Introducing young students to the public career of Condoleeza Rice5
It is great to see that the Journey to Freedom series of the African American Library continues to publish new volumes. This spring the series published the new volumes "The Amistad Mutiny: Fighting for Freedom," "Arthur Ashe: Athlete and Activist," "The Blues: Birth of an American Sound," "Brown vs. Board of Education: The Battle for Equal Education," "Miles Davis: Jazz Master," and this one on "Condoleezza Rice: U.S. Secretary of State" (you can tell the most recent volumes simply because they have subtitles). Whereas the volume on Colin Powell was published before he became the first African American Secretary of State (it ends with him deciding not to run for president in 1996), this volume by Kevin Cunningham is able to tell the entire story of how Rice became the second African American (and second woman after Madeleine Albright) to hold the senior position in the Cabinet.

The story begins with Rice being born in Birmingham, Alabama in 1954, the daughter of teachers (her mother played the piano and organ and Rice's first name is an Italian musical term to play "with sweetness"). As is always the case in the books in this series, this allows photographs (the "Colored Entrance" to a segregated theater) and examples of what life was like growing up in the Jim Crow south (Rice was a friend of one of the four girls killed by the bomb at the Sixteenth Street Baptist Church in Birmingham in 1963). Of course, this entire series underscores what things have been like in the past (often the recent past) to set up the accomplishments of these noted African-Americans.

Although she was bored with studying government, Rice ended up being interested in the Soviet Union and in a career in international relations. The move from civil rights to the Cold War is presented as being a conflict on a larger stage. Rice's expertise on the Soviet Union not only gets her a teaching position at Stanford University, but also gets her noticed by Brent Scowcroft, the national security advisor for President George H. W. Bush (since most young people only associate Rice with George W. Bush, the current president, this shows she has been around for a while). Cunningham then traces the steps by which Rice ended up becoming part of the current Bush White House, first as NSA and now as Sec. State.

The one thing I did not pick up from this book was an idea of Rice's political theory of international relations. But then you will not find out who was the member of the Denver Broncos that Rice was engaged to, so get used to the disappointment.
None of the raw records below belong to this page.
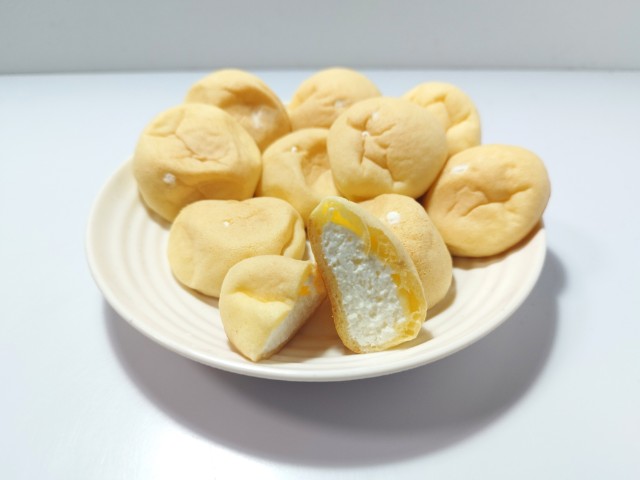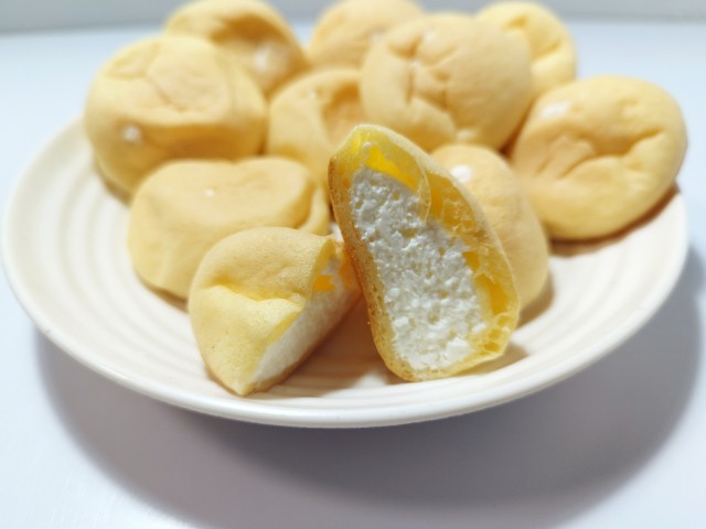 もちもち食感のひと口スイーツです。以前に6個入のぷちぷにゃ みるくくりーむ(2025年9月9日発売)がありましたが、今回は10個入になっています。そんなぷちぷにゃですが、生地はもちもちとした食感と歯切れの良さ、ほのかな甘味があって、ハマってしまう美味しさです。中のミルククリームはなめらかな食感とミルクの風味で、生地とのバランスも良いです。シンプルながらついつい食べてしまうスイーツといった感じで、甘過ぎないのも嬉しいポイントです。10個入で1個がひとくち口サイズくらいなので、一人でも食べ切れなくはないですが、数人でシェアするにオススメです。ぜひ10個入のぷちぷにゃを食べてみてください。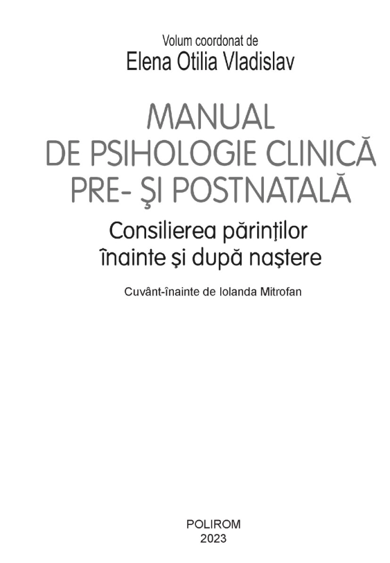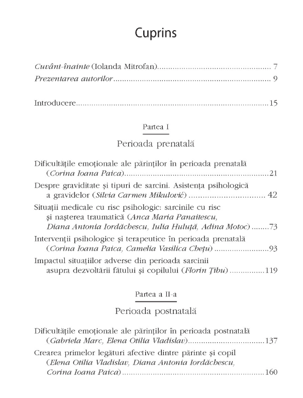 Dedicat psihologiei clinice și asistării terapeutice complexe și etapizate a pre- și postnatalității, volumul, ce reunește contribuțiile a numeroși specialiști din acest domeniu interdisciplinar, acoperă o largă paletă de teme din perioada prenatală (dificultăți emoționale ale gravidelor, pregătirea pentru naștere, dinamica în cuplu, dezvoltarea atașamentului antenatal) și din perioada postnatală (parentalitate, dificultățile emoționale post-partum, atașamentul postnatal, tulburările psihosomatice precoce ale bebelușului), tratând și o serie de situații medicale și psihologice speciale, de la infertilitate la pierderile de sarcină. Cuprinzând referiri la cercetări recente și prezentări ale unor situații clinice, volumul poate fi folosit atât ca manual teoretic, cât și ca ghid pentru asistarea psihologică ce poate fi acordată în perioada pre‑ și postnatală.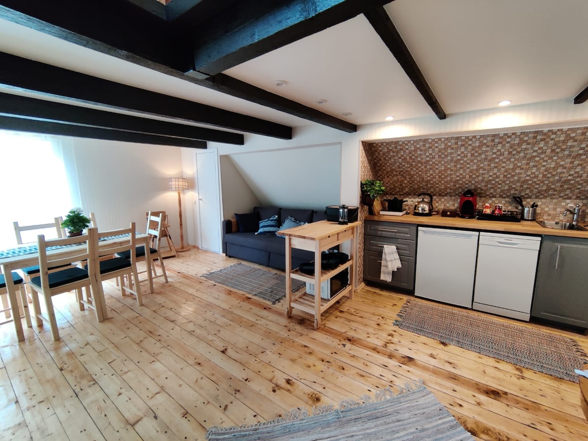 Just 25 minutes from the Old Town, a quiet rest outside the city limits is available. In the house surrounded by the forest, you will be able to hide from the daily rush, listening to the sounds of the forest and birds, relaxing in the bath overlooking nature, watching the stars from the hot tub, enjoying a leisurely breakfast on the spacious terrace or reading a book in the hammock. The apartment also has a grill, a fully equipped kitchen, a fireplace on the terrace, a fireplace and a heat pump for comfort lovers. Lielupe swimming area 800m. Jurmala 10 km.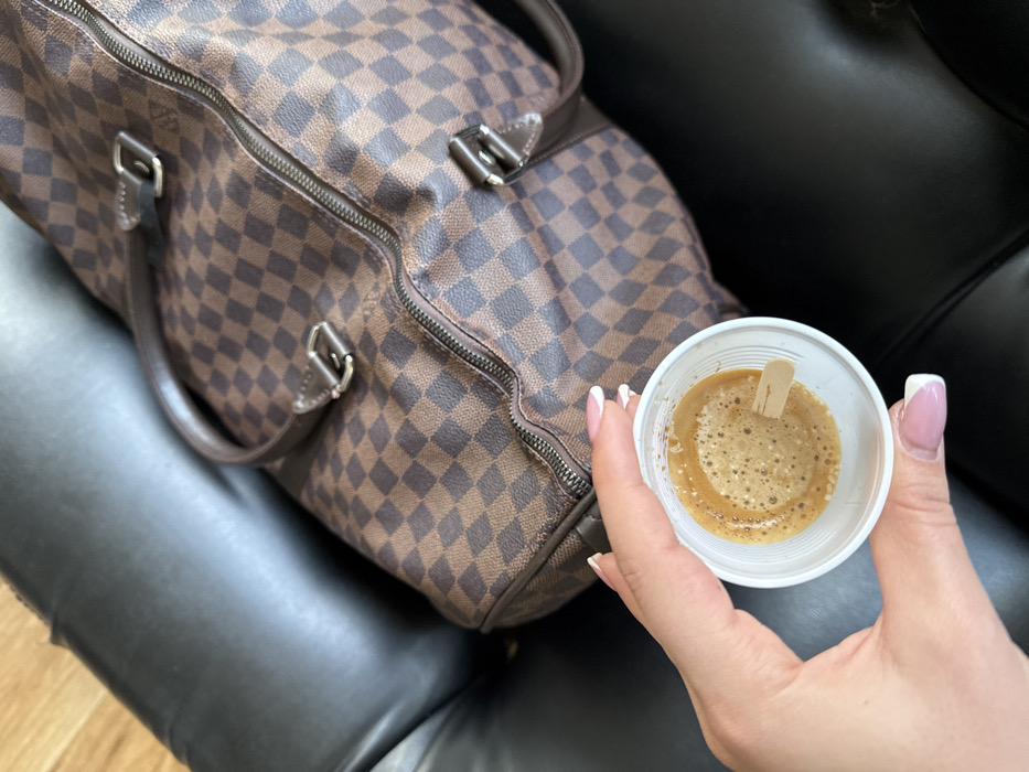 A close-up, high-angle shot features a left hand, displaying a French manicure, holding a small white disposable plastic cup. The cup contains a dark brown liquid topped with a light brown foam (crema) and a small wooden stirrer stick. In the background, a large brown and dark brown checkered patterned bag, consistent with the Louis Vuitton Damier Ebene design, rests on a black upholstered surface, likely a seat. The bag has visible brown trim, handles, and a top zipper. A portion of a light brown wooden surface is visible in the upper left background. The specific location in Senokos, Bulgaria, cannot be determined from the visual information presented.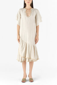The Dorado dress is made of off-white handloom cotton from India. It features metallic gold embroidery around the deep neckline, ruffles sleeves, and slanted bottom ruffle.
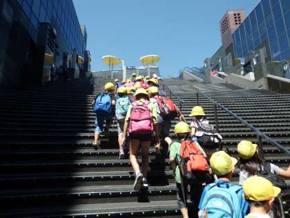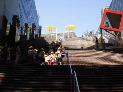 京都駅の上には,大階段があります。

Then again, most of us have to go back to Henry Kissinger to name a U.S. Secretary of State where we have an idea of how they say the world and what they were trying to accomplish. Cunningham does point out that Rice pushed for the reunification of Germany, so there is at least one significant example where she advocated a position and was proven right.

In addition to laying out the steps by which Rice went from Birmingham to the State Department, Cunningham emphasizes how being a black woman in a white man's world (especially when it comes to studying the Soviet Union), got Rice noticed, but that it was her abilities that kept her moving up the ladder. One nice thing about being the first African-American woman to be Secretary of State is that the next African-American or the next woman will be the third of each and therefore hardly worth noting. You can see that now with the pending Bush decision on a Supreme Court appointment where the potential nomination of the first Hispanic is seen as more newsworthy than what would be the third woman. Still, young readers will get a sense of how being the "first" can open the doors for a whole lot of others to follow.